3 - Eseguire la doppia materialità

Identificare impatti, rischi e opportunità rilevanti, con un processo documentabile; è il ponte tra strategia e disclosure.  

4 - Costruire baseline e KPI

Scegliere metriche, definire perimetri (organizzativo e di filiera), qualità del dato, frequenza e responsabilità di raccolta. Per le emissioni, impostare inventari con standard riconosciuti (es. GHG Protocol) accelera comparabilità e auditabilità.  

5 - Definire obiettivi e piano di miglioramento

Target misurabili (es. riduzione intensità emissiva, riduzione infortuni, aumento % rinnovabili, policy anticorruzione e controlli), investimenti e milestones.

6 - Integrare in processi core

Procurement (vendor rating), budget e capex, risk management, MBO e incentivazione, progettazione prodotto/servizio, comunicazione commerciale (claim verificabili).  

7 - Rendicontare e “prepararsi all’attestazione”

Impostare architettura documentale, controlli interni e tracciabilità; in Italia, il quadro di attestazione della rendicontazione di sostenibilità è collegato al recepimento CSRD e alle regole MEF per l’abilitazione dei revisori.  

Strumenti e risorse utili

Per costruire un impianto ESG credibile (anche per PMI non direttamente obbligate), conviene appoggiarsi a standard e risorse stabili e riconosciute:

Nel reporting europeo, il riferimento è CSRD/ESRS e le relative pagine tecniche della Commissione, che includono anche aggiornamenti “stop‑the‑clock” e semplificazioni Omnibus.  

Per le PMI, esiste uno standard volontario europeo: la Commissione ha adottato una Raccomandazione sul VSME (Voluntary Sustainability Reporting Standard for non‑listed SMEs), sviluppato da EFRAG per micro, piccole e medie imprese non quotate, anche per ridurre la proliferazione di questionari “proprietari” nella supply chain.  

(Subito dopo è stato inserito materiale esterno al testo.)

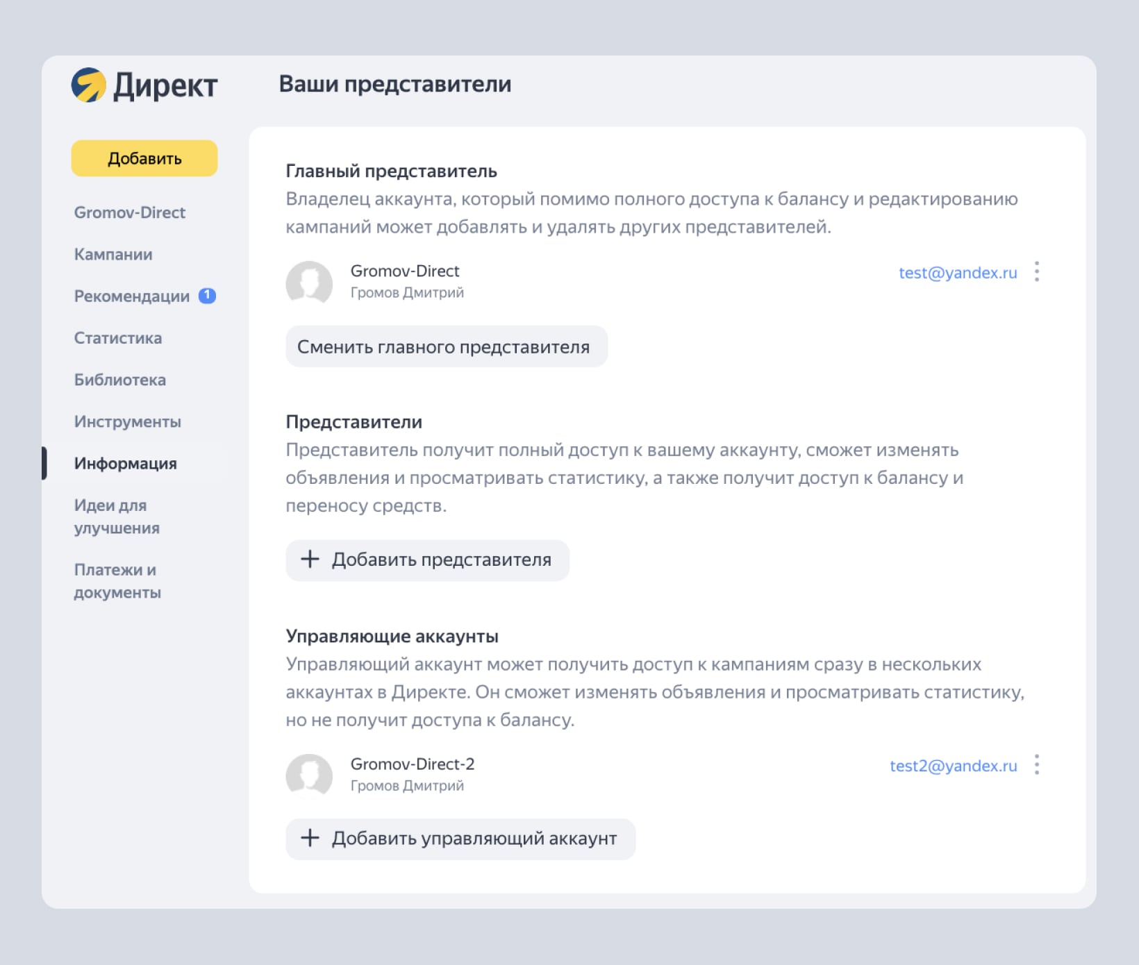 На странице «Ваши представители» в Яндекс.Директ появился новый тип доступа — «Управляющие аккаунты».
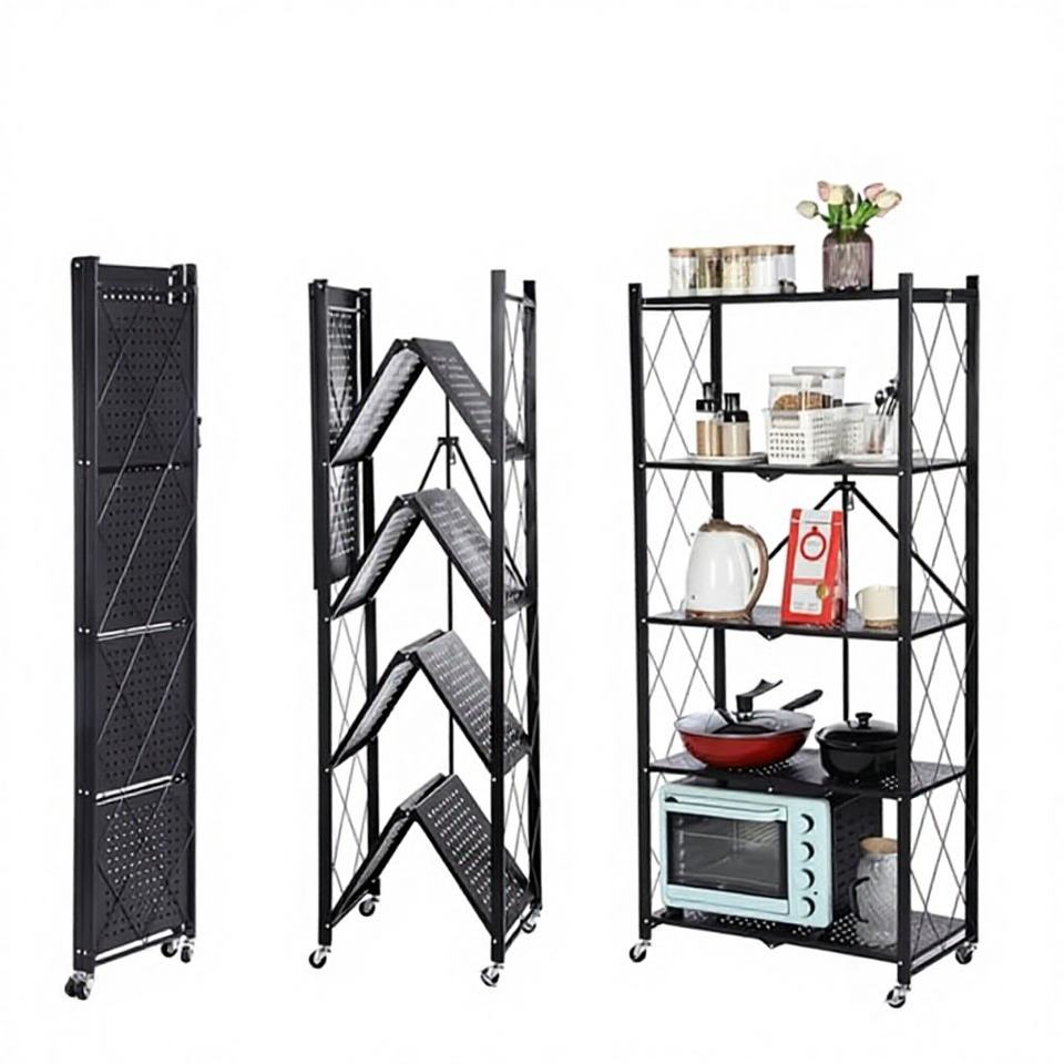 5 Tier Eco-Friendly Folding Floor Carbon Steel Storage Shelves-Black
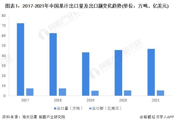出口方面,2017年以来,我国果汁出口呈现震荡下行走势,到2021年,我国进出口的果汁数量与金额较2020年均有小幅增加,其中,出口果汁总量为46.61万吨,出口总额为5.32亿美元,较2020年分别增加了1.08万吨和1141.44万美元,增幅分别为2.28%和2.19%。
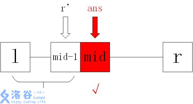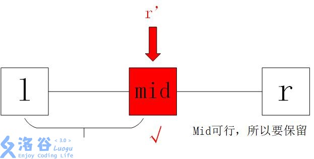 这里,当l==r时循环停止,此时无论输出l还是输出r都可以。取中点不讲。这里我们要保证l和r都是暂时可行的(没有证明不可行)的,所以**当mid被判定为可行时,r应该取到mid而不是mid-1,因为这里没有ans来记录,如果r取了mid-1,我们就永远丢失了mid这个可行解(mid永远取不到了),从而导致答案错误 **
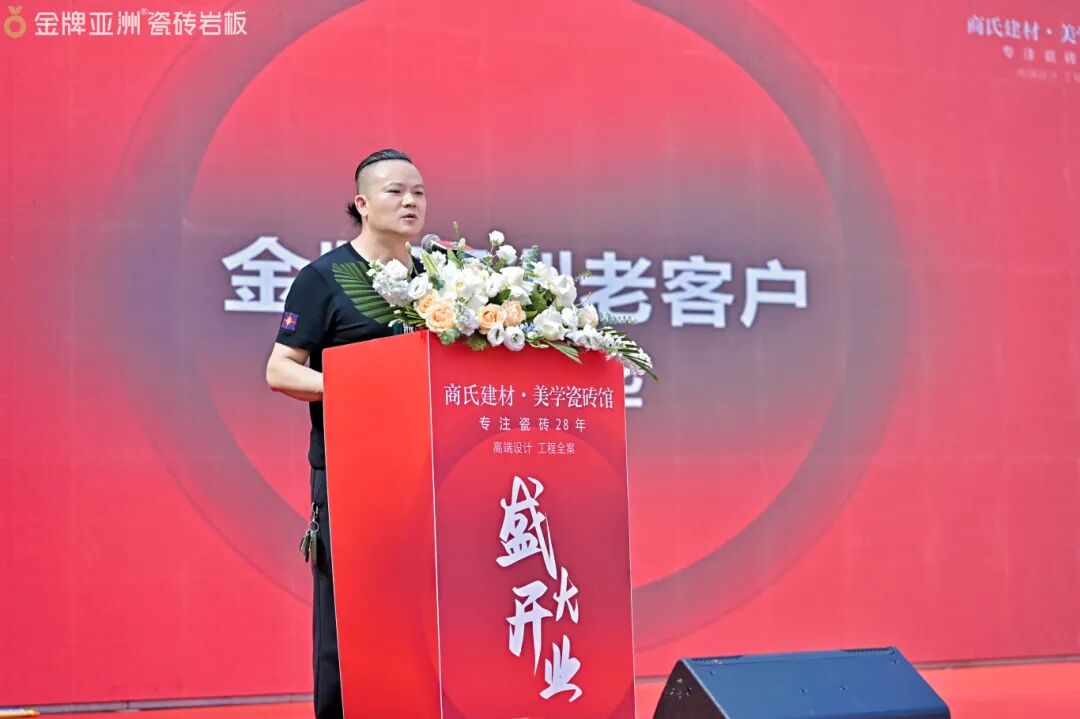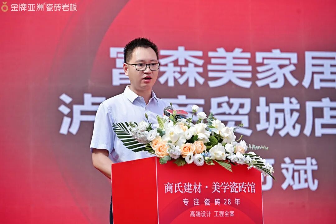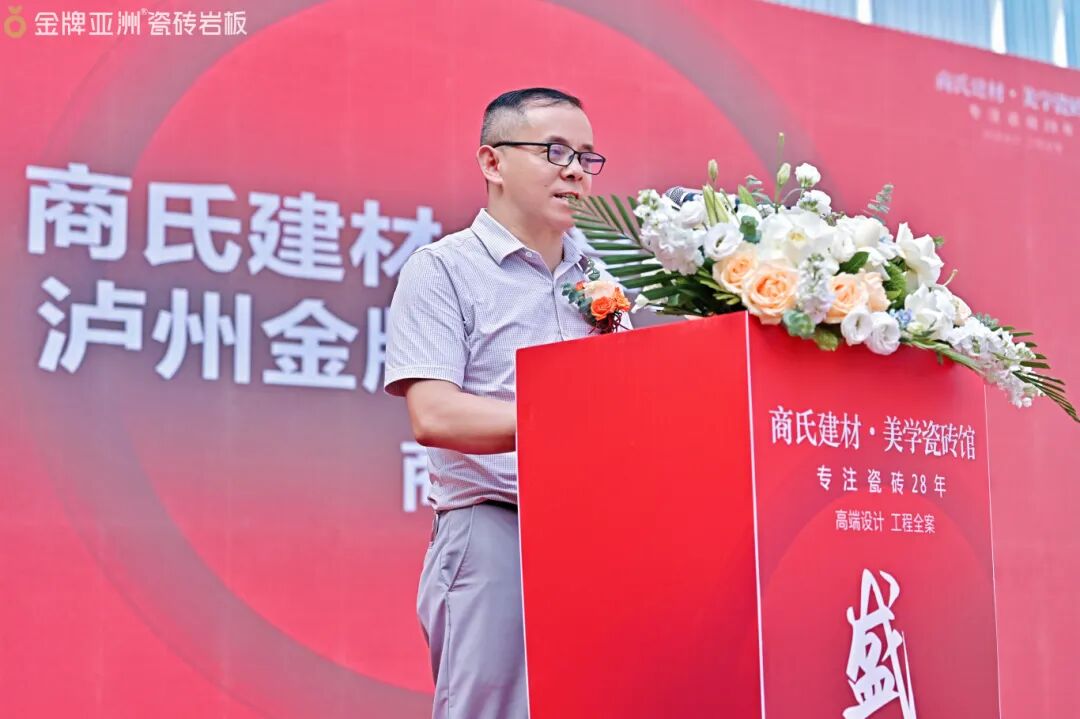 金牌亚洲营销中心营销三区大区经理李勇作为总部代表,为泸州金牌亚洲的盛大开业作致辞,李总表示,金牌亚洲一直致力于让消费者的理想人居空间得到更完美的呈现,本次泸州金牌亚洲的焕新升级,更是体现了金牌亚洲蓬勃的生命力与发展力,相信在金牌亚洲总部的引领与泸州金牌亚洲的精心运营之下,定能为广大消费者提供更舒适的选砖体验和更优质的家居生活。
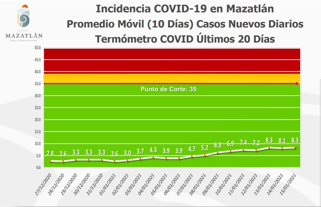 Sobre los sistemas de medición de la pandemia que emplea el Gobierno que encabeza el Alcalde Luis Guillermo Benitez Torres, comentó que el Termómetro de Casos Nuevos Diarios este día se ubicó en 8.3 grados, y se cumplieron ya 102 días en 15 casos, promedio de los últimos 10 días.
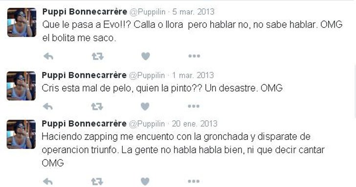 “que le pasa a Evo (Morales, presidente de Bolivia), calla o llora, pero hablar no, no sabe hablar, OMG el bolita me sacó”, reza otra de sus intervenciones en la red social.
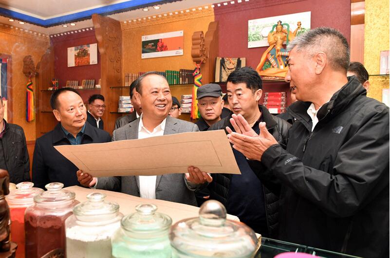 10月22日,阿坝州党政代表团在达孜县工业园区考察优格仓藏香公司运营情况。泽旺旦真摄
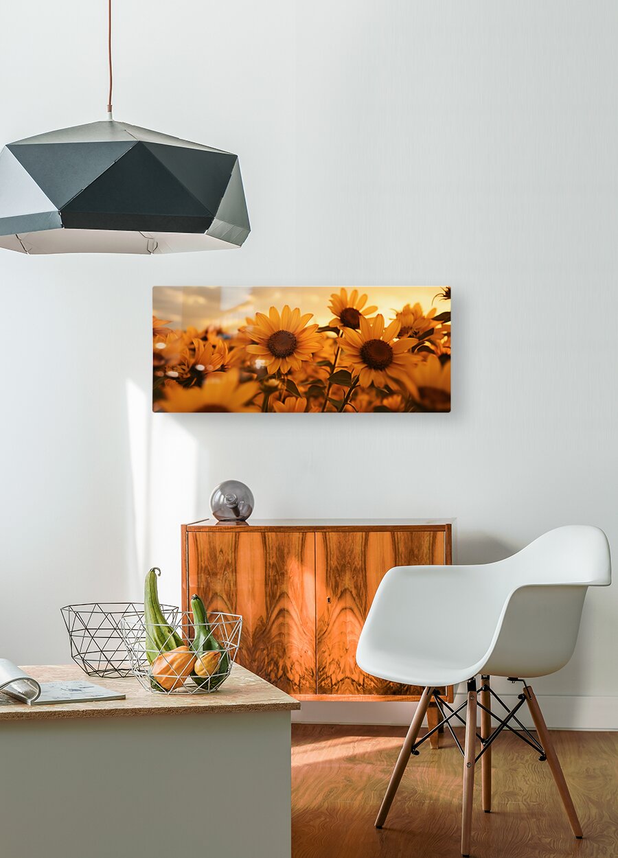 Golden Haze – Radiant Sunflower Morning Print  Wood print
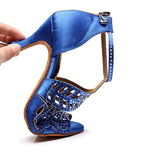HIPPOSEUS Scarpe da Ballo Donna con Strass Latino con Strass,Modello7014,Blu, 35 EU
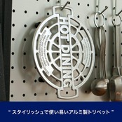 マンホールの蓋を思わせるデザインが、スタイリッシュなトリベット。アルミ製なので堅牢で軽く、使い込んで付いたキズも良い味わいとなるアイテムです。また、使わない時はプレートとして置くだけでも絵になる優れモノ。使い易いサイズと、滑り止めが付いた脚部も嬉しいポイントです。

Per emissioni e clima, strumenti comunemente utilizzati sono GHG Protocol (inventari corporate) e standard tecnici per quantificazione e reporting come ISO 14064‑1, oltre a framework per target net‑zero e climate strategy (ad esempio SBTi, con standard e strumenti per obiettivi coerenti con la scienza).  

Per impatti e disclosure di sostenibilità “oltre la compliance”, molte imprese continuano a usare anche standard internazionali di rendicontazione d’impatto come quelli del Global Reporting Initiative, utile soprattutto quando la comunicazione verso stakeholder non finanziari è prioritaria.  

Un programma ESG ben progettato non serve solo a “rispondere alle regole”: migliora la capacità dell’impresa di decidere con dati, governare rischi e dimostrare credibilità al mercato.